Growth of the network over time

This graph shows the sum total of nodes across the network per month, from 2014-2024. The number of nodes grew rapidly from 2014-2017 before tapering off into a stable plateau. The high point ran through September and October 2019, with around 50,700 nodes at the peak.

Sources: MongoDB query, d3 code.

For some context on this curve, Freifunk as a project began in 2004, and only started collecting this API data in 2014. Part of the initial growth in nodes could be accounted for by new communities slowly registering their data with the API.

The query behind this graph became too slow after I’d imported the full 2014-2024 hourly dataset into MongoDB.1 Daily data was more performant, but was still unnecessarily granular, so what you see here is grouped by daily-average per month.

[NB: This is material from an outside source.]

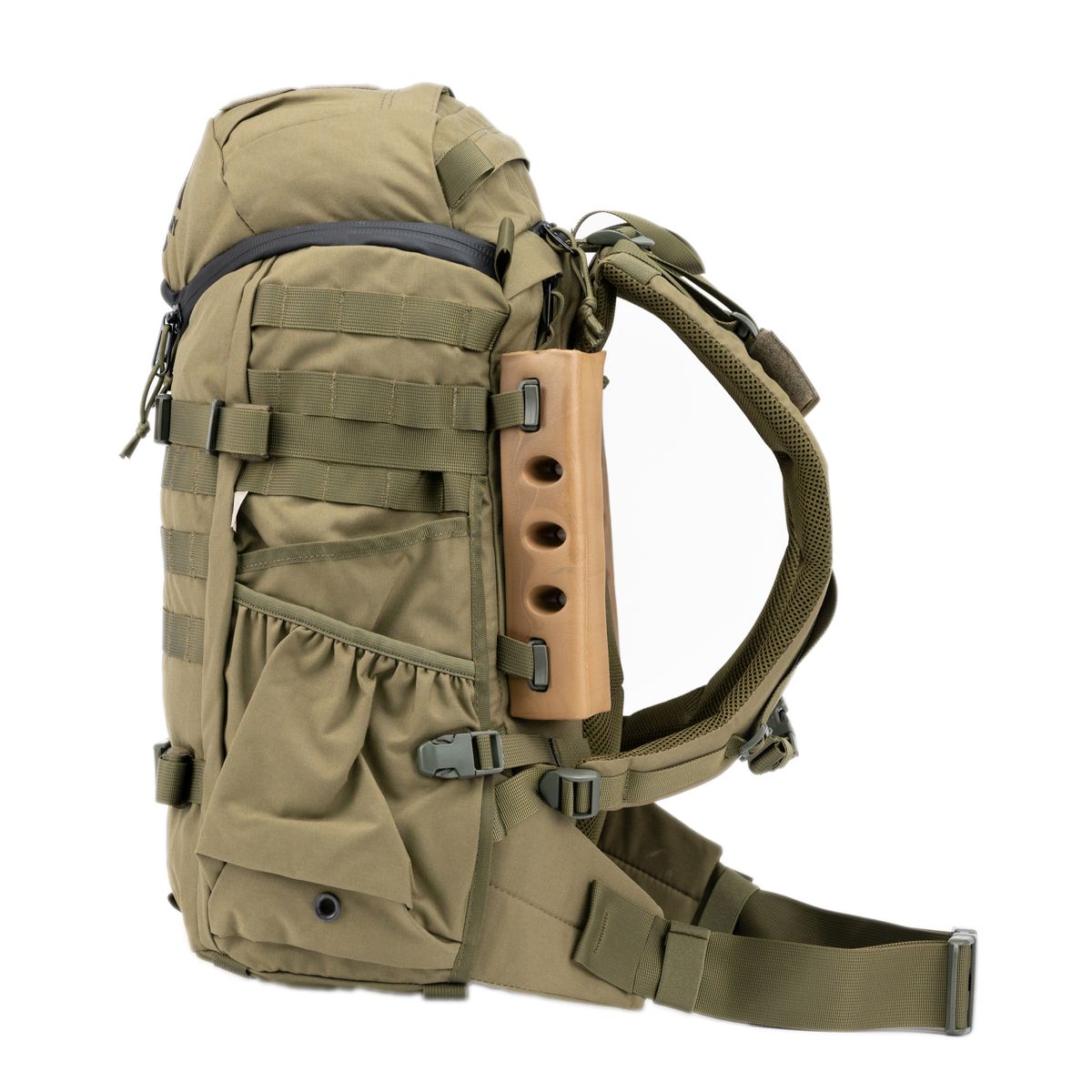 Эта система была разработана, чтобы сделать рюкзак стабильнее при ношении с бронежилетом. Съемные поддерживающие части изготовлены из литого материала EVA, который обладает невероятной прочностью и позволяет рюкзаку быть оптимизированным для любых операций.

For shorter time periods, the data is still there to query by day or by hour, and this is something which could be worked into an interactive visualisation.

Routing protocols in use across the network

The next thing we wanted to see was the distribution of routing protocols. This graph is similar to the above, it counts the protocols used by each community every day, and averages the total each month.

Sources: MongoDB query, d3 code.

This graph doesn’t have a legend (#57), and the colours change on every page load (#56). I don’t know why the colours change like this, is this a common thing with d3? If anyone can resolve this, please help!

In the meantime, I have copied the d3 swatches example, to make a custom legend for the above graph.

We see that batman-adv is by far the most popular protocol, followed by 802.11s, which appears in the dataset in Duisberg in August 2015.

Remaining work

Everything here is all working locally, which leaves the main remaining task to try to deploy it somewhere for public use. We always had in mind that this would have to be deployed somewhere for public use eventually. So, thankfully we’ve already done some of this work and most of the services involved here can be easily packaged up and deployed to production. Andi is going to investigate webpack for bundling the javascript, trying to avoid having to procure (and especially maintain) another server.

Outstanding issues

  • Make graphs interactive (#47).
  • Provide snippets that can be embedded in community web pages (#49).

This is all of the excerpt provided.